Dans un contexte marqué par une augmentation de 285 % du prix de l'électricité depuis 2014, le financement de la guerre et l'enrichissement des oligarques peut expliquer à lui seul le soutien populaire au blocus de l'est. Mais ce serait oublier une autre victime collatérale, qui ne déplairait pas forcément à tous les ukrainiens : Pietr Poroshenko. En ne mettant pas fin au Blocus, malgré les demandes de Moscou, de l'EU, du G7, ce dernier montre sa faiblesse politique. Il risque de ne plus paraître « the right man, in the right place » pour les occidentaux. Si on rajoute à cela les risques d'érosion du PIB, le FMI pourrait bien lui aussi penser la même chose. Alors, la probabilité d'élections législatives anticipées en Ukraine augmenterait de manière significative. Qui en seraient les principaux vainqueurs ? Ce serait l'Union Pan Ukrainienne–Patrie de Ioula Tymochenko. Dans l'expectative d'élections anticipées, voir de son renversement, Pietr Poroshenko jouerait alors la carte de l'oligarque avant celle du Président. Il ne verrait alors dans le blocus qu'une opportunité économique lui permettant de racheter l'empire financier de Rinat Akhmetov à moindre coût.

 

Épilogue : il y a presque deux ans jour pour jour, Raphaël Glucksman dans l'émission « Ce soir ou jamais  » de Frédéric Taddei, répondait à Slodoban Despot, qu'il n'y avait pas de « nazi » en Ukraine car ils n'avaient fait que 2 % aux élections. Affirmant que ces 2 % (750.000 d'électeurs) n'avaient pas de poids politique en Ukraine. Or, aujourd'hui il n'en faut qu'une centaine pour prendre le pays en otage...



8 réactions


  • howahkan 6 mars 2017 17:55

    Salut, ce pays vit des complots à l’intérieur des complots eux mêmes à l’intérieur d’autres complots......

    la présence des nazis , vrais ou imitations hollywoodiennes moi je ne sais pas, indique t’elle que comme je le pense nous sommes toujours dans le scénario de la 2eme guerre mondiale qui n’a pas été fini mais à pris une autre tournure due à la défaite des germains par la Russie ??????

    L’Allemagne vainqueur le NOM aurait déjà été là depuis longtemps ..en grand vainqueur, or là la contestation prend de l’ampleur..

    tous les mêmes acteurs sont là..

    salutations..


  • Irina Irina 6 mars 2017 19:04

    Très bon article !


  • Laurent Courtois Courtois Laurent 6 mars 2017 19:18

    Un petit correctif :

    43 entreprises ont été nationalisées dont une filiale de la société française Air-Liquide.
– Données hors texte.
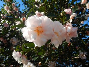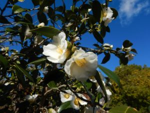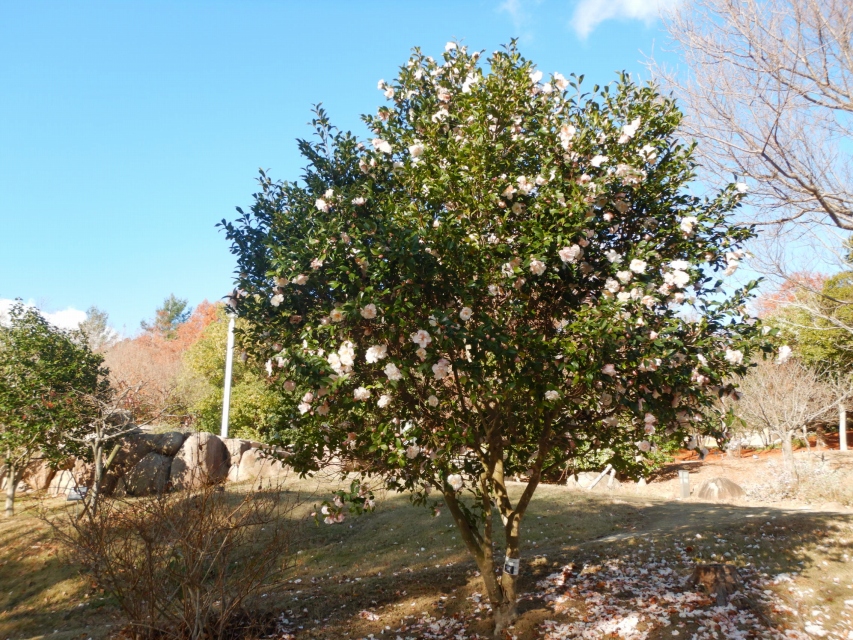 花の谷園路沿いに1本、大きなお花をつけたサザンカが見ごろです。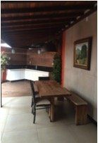 Este trabalho, que compreende projeto e obra, proporcionou uma ambientação verde e aconchegante através dos jardins verticais, uso da madeira e a cor alaranjada para destacar ainda mais o verde do paisagismo. Além disso, a cliente solicitou um espaço de ateliê para produção de artesanato. De uma área fria e sem uso para transformar-se em um ambiente de descanso, acolhedor e que inspira o trabalho de artesanato desenvolvido pela cliente.

    • Jeff84 7 mars 2017 07:18

      @Courtois Laurent
      Donc, vous soutenez également la violation du droit de propriété (garanti par la Déclaration des Droits de l’Homme et du Citoyen) de ressortissants français ?


    • Laurent Courtois Courtois Laurent 7 mars 2017 08:47

      @Jeff84

      Bonjour,

      Cela m’a beaucoup surpris de voir qu’une entreprise française se trouvait dans la liste des entreprises « nationalisées » (en réalité, mise sous tutelle temporaire), car la mesure vise des biens d’oligarques ukrainiens

      Il s’agit de l’usine d’oxygène de YenaKievo, qui fournit l’oxygène aux aciéries locales. Je vais prendre contact avec l’air liquide pour savoir si l’entreprise a été mise sous tutelle avant ou aprés avoir stopée son activité.
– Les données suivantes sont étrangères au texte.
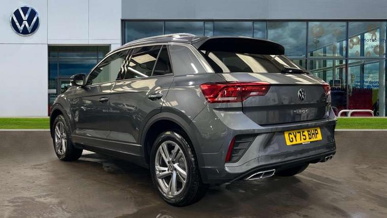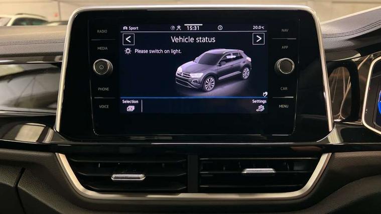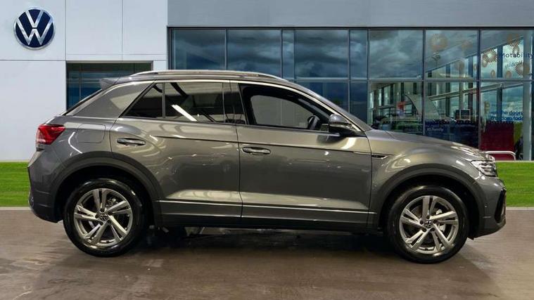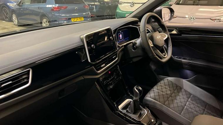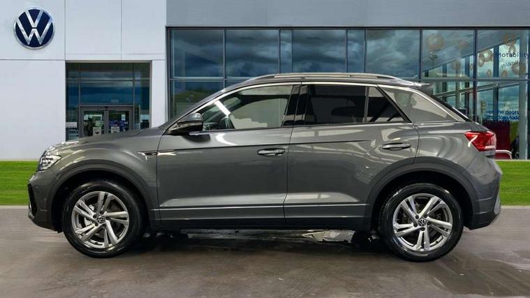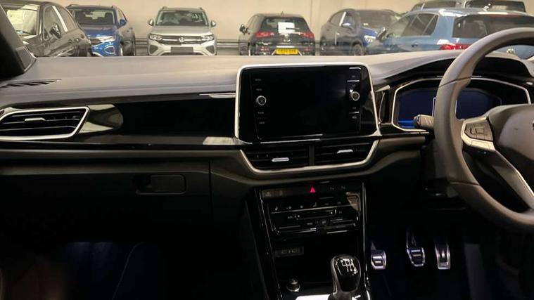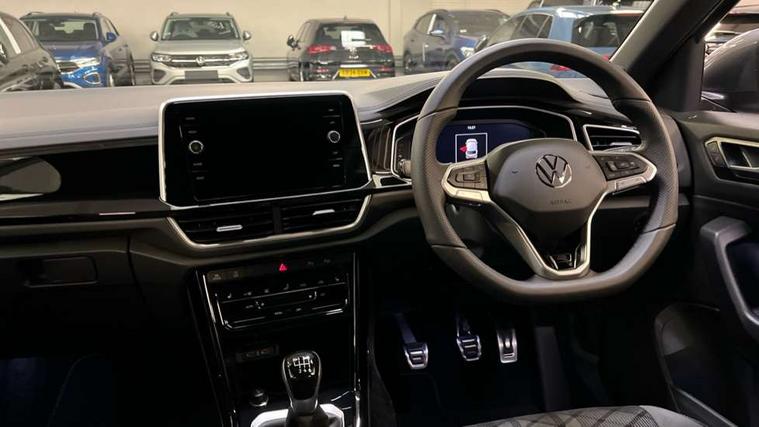 10.25" Digital cockpit pro, Advanced driver attention and drowsiness monitor, Emergency call service, Lane keeping system Lane Assist, Mobile phone interface, Modified key software - reduce switch off time for key status change to Long no motion, Online services, Park assist including front and rear parking sensors, Service interval indicator, Tailgate/trunk lid release from outside, Think blue trainer driver tips and journey analysis, Warning sound and light for front seatbelts unfastened, Wireless app connect, Battery regeneration during braking, Start/stop function with battery regeneration, DAB Digital radio, Diversity antenna for FM reception, Front and rear 6 speakers, Music playback - MP3, WMA and AAC files, Premium USB cable in choice of either Apple or Android smartphone compatibility, SD card slot, Simultaneous pairing of 2 compatible mobile devices, Title and cover art display, We Connect and We Connect Plus functionality, Auto dimming interior rear view mirror, Automatic hazard lights activation under emergency braking, Automatic headlight control with LED separate daytime running lights with coming/leaving home function, Body coloured exterior mirror housings and door handles, Electrically adjustable and heated door mirrors, Extended roof spoiler, Exterior mirrors aspherical on driver side, convex on front passenger side, External USB type C socket and charging sockets, Front windscreen wiper with intermittent wipe and 4 position delay, Heated rear window, LED 3rd brake light, LED rear combination lamps, LED rear number plate lights, Power windows with comfort operation and circuit breaker, Privacy glass for rear side windows and rear window, R-Line design body coloured bumpers, Rain sensor, Rear exhaust tailpipe, Rear fog light on one side and reversing lights on both sides, Rear side wing doors, Rear wash/wipe with intermittent wipe setting, Remote electrically foldable door mirrors, puddle lights and reverse activated passenger's door mirror, 12V power socket in centre console, 3 rear head restraints, 3 seat bench in 2nd row, 4 load lashing points in luggage compartment, Air care climatronic air conditoning system with active combination filter and 2-zone temperature control, Black roof lining, Chrome plated decorative trims, Chrome plated radiator grille inserts, air vent surrounds and light switch surrounds, Door and side trim panel with leatherette insert, Front + rear carpet mats, Front centre armrest, Front cupholders x 2, Front footwell illumination, Front reading light, Front scuff plates with R Line logo, Front seat back storage pockets, Glove compartment door with light, Instrument lighting, white adjustable panel illumination, Interior ambient lighting and surround lighting, Interior light delay, Isofix child seat preparation, Leather gearshift handle, Load-through provision with cup holder when folded down ('Unsplit rear seat bench, split folding backrest, with centre armrest), Luggage compartment lighting, Single front passenger seat, Stainless steel pedals, Storage compartment in left and right luggage area, Storage compartment in rear doors, Storage compartments in driver and front passenger doors, Sunvisors with illuminated vanity mirrors, Variable boot floor, height adjustable and removable, Driver assistance pack without proactive passenger protection - T-Roc, 3 point height adj front seatbelts + pretensioners, 3 point seatbelts in outer rear with ECE label, ABS, Child locks on rear doors, City emergency braking and pedestrian monitoring, Driver and front passenger airbag with front passenger airbag deactivation, Driver and front passenger safety-optimised head restraints, Drivers seatbelt reminder, Electronic parking brake, Electronic Stability Control (ESC) inc EDL (Electronic Differential Lock) and ASR (Traction Control), Front and rear passengers curtain airbag system including front side airbags, Hill start assist, Predictive pedestrian protection, Rear disc brakes, Two tone horn, Tyre pressure loss indicator, Volkswagen roadside assistance, Piano black decorative inserts in dashboard and front door trim panels, Trims for alloy wheels,

      Avant, implique un acte politique.
      Après, implique un cas de force majeur, car les acieries ne peuvent fonctionner sans oxygène.

      Donc difficile de prendre position sans connaitre tous les tenants et les aboutisants .

      Mais d’une manière générale, je suis pour le droit à la propriété tant qu’il ne nuit pas à l’intérêt collecif.


  • JC_Lavau JC_Lavau 7 mars 2017 11:58

    Mythologie standard, ce coup de « l’effet papillon », populaire, mais ne vaut pas un clou.


    • Laurent Courtois Courtois Laurent 7 mars 2017 12:54

      @JC_Lavau

      Bonjour,


      votre remarque est-elle purement scientifique ? Si, oui, je partage votre avis.

      Néanmoins l’image métaphorique est intéressante, bien plus parlant que l’« effet domino » qui n’implique l’amplification d’un phénomène.

      Bonne journée à vous


  • Doume65 7 mars 2017 17:08

    « Raphaël Glucksman [affirmant] qu’il n’y avait pas de « nazi » en Ukraine car ils n’avaient fait que 2 % aux élections. Affirmant que ces 2 % (750.000 d’électeurs) n’avaient pas de poids politique en Ukraine. »

    De même qu’il n’y a aucun oligarque en France vu qu’il y a officiellement exactement 0 électeurs ayant voté pour.